- What you will do
Whenever a picture appears, omit it, and set down everything else in the records exactly.

###

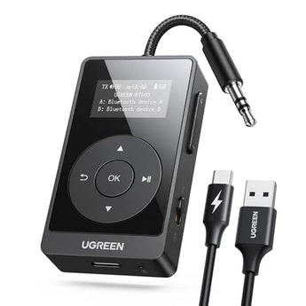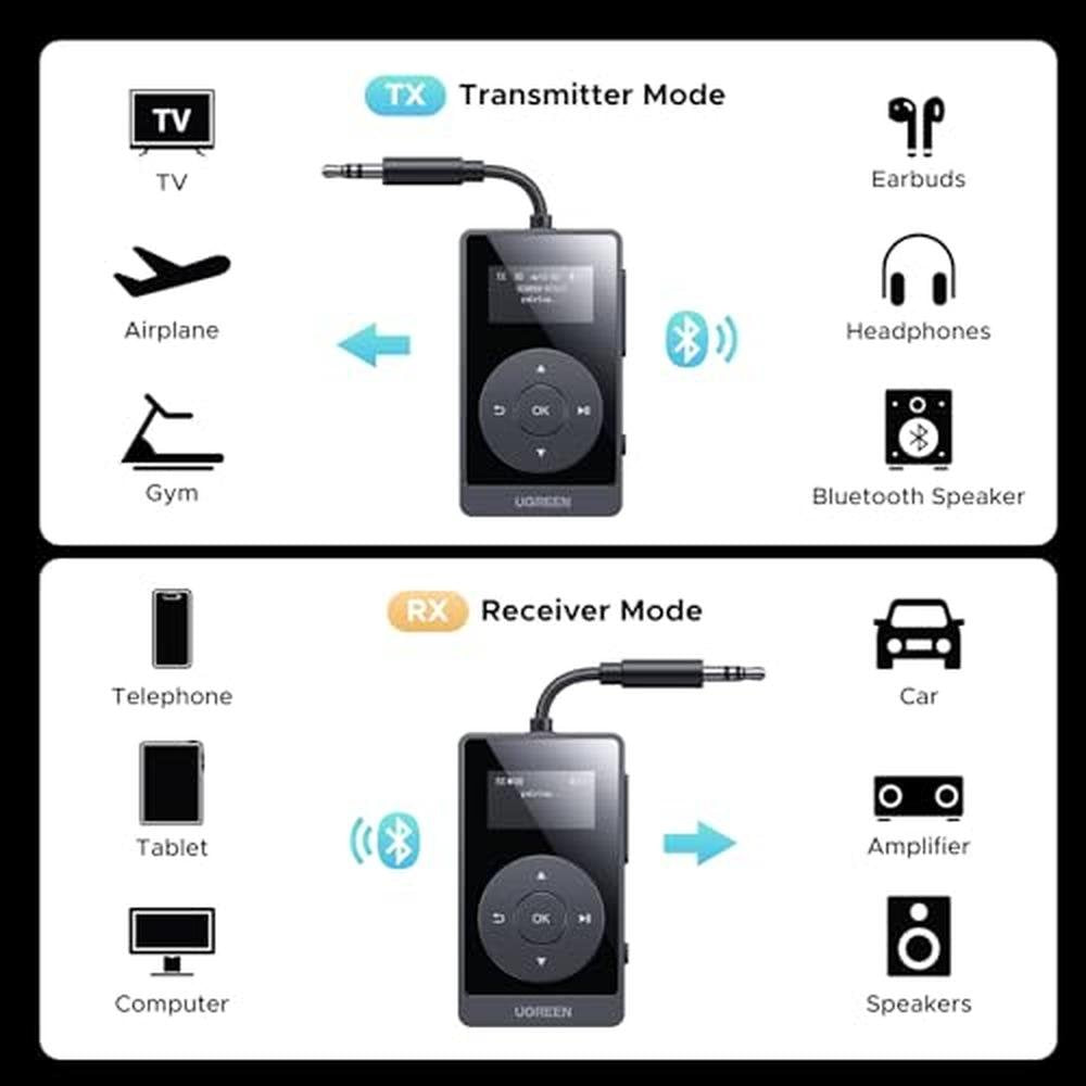 2 In 1 Bluetooth Transmitter Receiver: In TX mode, you can connect the device to an airplane, TV, and other devices without Bluetooth function, and then connect Bluetooth headphones to listen to music; in RX mode, you can turn non-Bluetooth stereo devices such as car audio, old speakers into Bluetooth devices, and then connect mobile phones, computers, etc. to play music; without the constraints of cables, move more freely without affecting audio playback. Aptx sounds quality improvement: The adapter uses advanced Aptx technology to reduce audio delay significantly, and make the music details richer, bringing a better audio-visual experience whether watching videos or playing games. Maximum 32 Hours Battery: It can last up to 32 hours to meet your all-day use needs. This device is the best companion whether you frequently travel for leisure or business trips. You can enjoy uninterrupted music or calls without frequent charging.(RX: 32H/ TX: 28H ) LED display: With the LED display, The adapter can display the connection status, device name, and other information, making the user more intuitive during use and reducing the difficulty of pairing and connection, thus improving the overall user experience. Built-in Microphone: The built-in microphone of the ugreen allows you to answer calls directly without interrupting music playback when the device is connected to a mobile phone to play music; ugreen ensures that you do not miss any important calls while enjoying music. 10M Transmission Distance: The 10-meter transmission distance allows you to move freely within your home or office without worrying about interruptions in the audio signal. No matter where you are in the room, you can enjoy stable audio transmission.
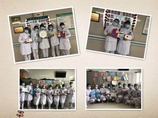 节日的气氛很快也传到了海安市人民医院,护士姐姐阿姨们也收到了孩子们精心设计的贺卡,简单的卡片写满了对医护工作者浓浓的节日祝福以及崇高的敬意。
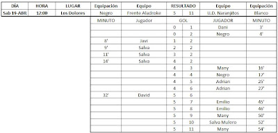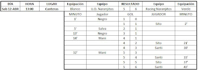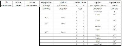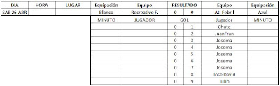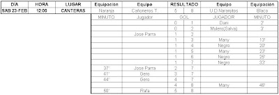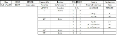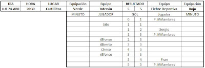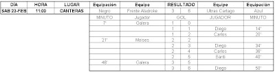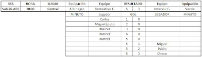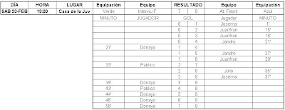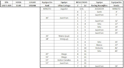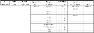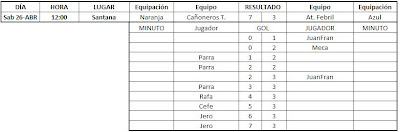 Por fin he tenido un poco de tiempo para actualizar esto, aquí tenéis los resultados de las últimas jornadas, falta el partido que gano 5-0 el At. Febril a los Ultras Cartago por incomparecencia de estos últimos.
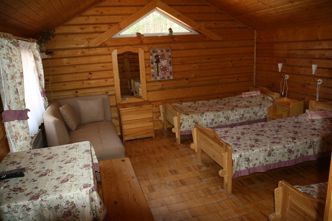 Спортивно-туристический комплекс предлагает отдых в уютных и теплых коттеджах ручной рубки на берегу реки, вместимостью от двух до шестнадцати человек. Также доступны три русских бани на дровах для расслабления.
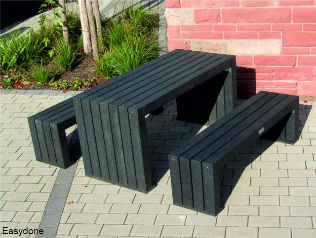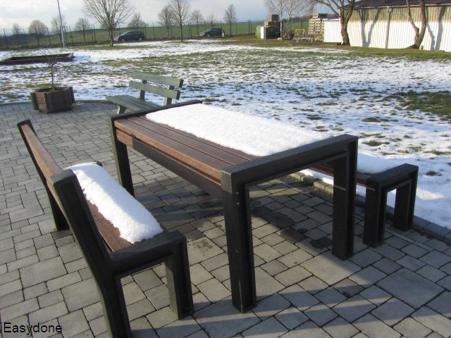 Bank -en tafel model CLO150 zwart, bank afmetingen ca. 150x40 cm (bxd), zithoogte 45 cm, gewicht ca. 70 kg en tafel afmetingen 150x67 cm (lxb), tafelhoogte 75 cm, gewicht ca. 145 kg, kleuren bruin, grijs en zwart. |
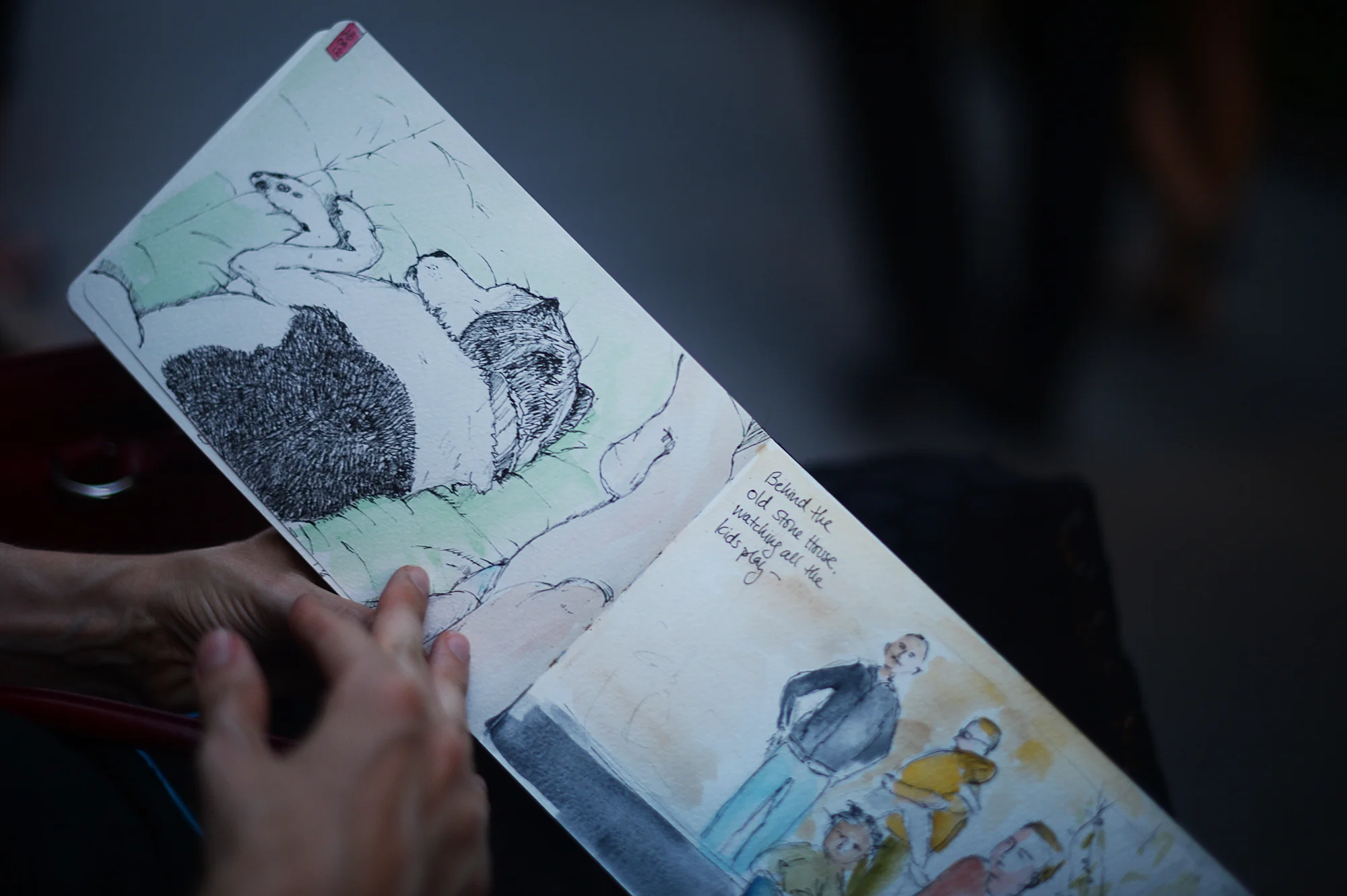 Flipping through my friend Alice's gorgeous sketch book on the High Line in New York City, July 2012.
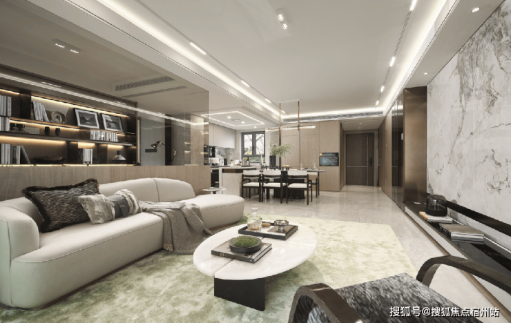 地下空间:告别昏暗的地库印象。地下大堂的设计灵感源自深圳湾安达仕酒店,采用梦幻玉珍珠岩板等高端材质,搭配东方美学的透光云石点缀,打造出五星级酒店般的归家体验。
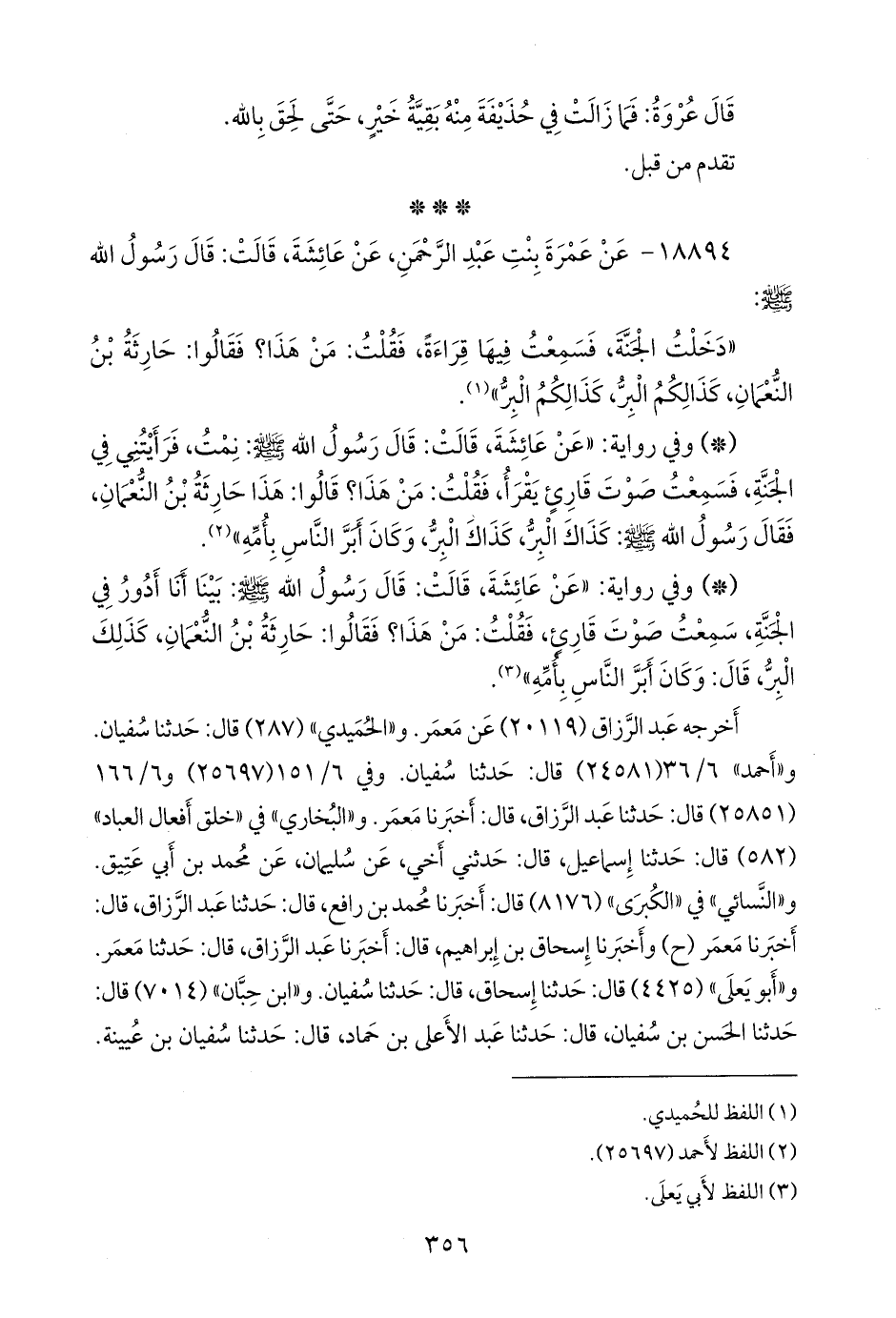 - وفي رواية: «عن عائشة، قالت: قال رسول الله صَلى الله عَليه وسَلم: نمت، فرأيتني في الجنة، فسمعت صوت قارئ يقرأ، فقلت: من هذا؟ قالوا: هذا حارثة بن النعمان، فقال رسول الله صَلى الله عَليه وسَلم: كذاك البر، كذاك البر، وكان أبر الناس بأمه» (¬٢).

###

- Result of the task
 2 In 1 Bluetooth Transmitter Receiver: In TX mode, you can connect the device to an airplane, TV, and other devices without Bluetooth function, and then connect Bluetooth headphones to listen to music; in RX mode, you can turn non-Bluetooth stereo devices such as car audio, old speakers into Bluetooth devices, and then connect mobile phones, computers, etc. to play music; without the constraints of cables, move more freely without affecting audio playback. Aptx sounds quality improvement: The adapter uses advanced Aptx technology to reduce audio delay significantly, and make the music details richer, bringing a better audio-visual experience whether watching videos or playing games. Maximum 32 Hours Battery: It can last up to 32 hours to meet your all-day use needs. This device is the best companion whether you frequently travel for leisure or business trips. You can enjoy uninterrupted music or calls without frequent charging.(RX: 32H/ TX: 28H ) LED display: With the LED display, The adapter can display the connection status, device name, and other information, making the user more intuitive during use and reducing the difficulty of pairing and connection, thus improving the overall user experience. Built-in Microphone: The built-in microphone of the ugreen allows you to answer calls directly without interrupting music playback when the device is connected to a mobile phone to play music; ugreen ensures that you do not miss any important calls while enjoying music. 10M Transmission Distance: The 10-meter transmission distance allows you to move freely within your home or office without worrying about interruptions in the audio signal. No matter where you are in the room, you can enjoy stable audio transmission.
 节日的气氛很快也传到了海安市人民医院,护士姐姐阿姨们也收到了孩子们精心设计的贺卡,简单的卡片写满了对医护工作者浓浓的节日祝福以及崇高的敬意。
 Por fin he tenido un poco de tiempo para actualizar esto, aquí tenéis los resultados de las últimas jornadas, falta el partido que gano 5-0 el At. Febril a los Ultras Cartago por incomparecencia de estos últimos.
 Спортивно-туристический комплекс предлагает отдых в уютных и теплых коттеджах ручной рубки на берегу реки, вместимостью от двух до шестнадцати человек. Также доступны три русских бани на дровах для расслабления.
 Bank -en tafel model CLO150 zwart, bank afmetingen ca. 150x40 cm (bxd), zithoogte 45 cm, gewicht ca. 70 kg en tafel afmetingen 150x67 cm (lxb), tafelhoogte 75 cm, gewicht ca. 145 kg, kleuren bruin, grijs en zwart. |
 Flipping through my friend Alice's gorgeous sketch book on the High Line in New York City, July 2012.
 地下空间:告别昏暗的地库印象。地下大堂的设计灵感源自深圳湾安达仕酒店,采用梦幻玉珍珠岩板等高端材质,搭配东方美学的透光云石点缀,打造出五星级酒店般的归家体验。
 - وفي رواية: «عن عائشة، قالت: قال رسول الله صَلى الله عَليه وسَلم: نمت، فرأيتني في الجنة، فسمعت صوت قارئ يقرأ، فقلت: من هذا؟ قالوا: هذا حارثة بن النعمان، فقال رسول الله صَلى الله عَليه وسَلم: كذاك البر، كذاك البر، وكان أبر الناس بأمه» (¬٢).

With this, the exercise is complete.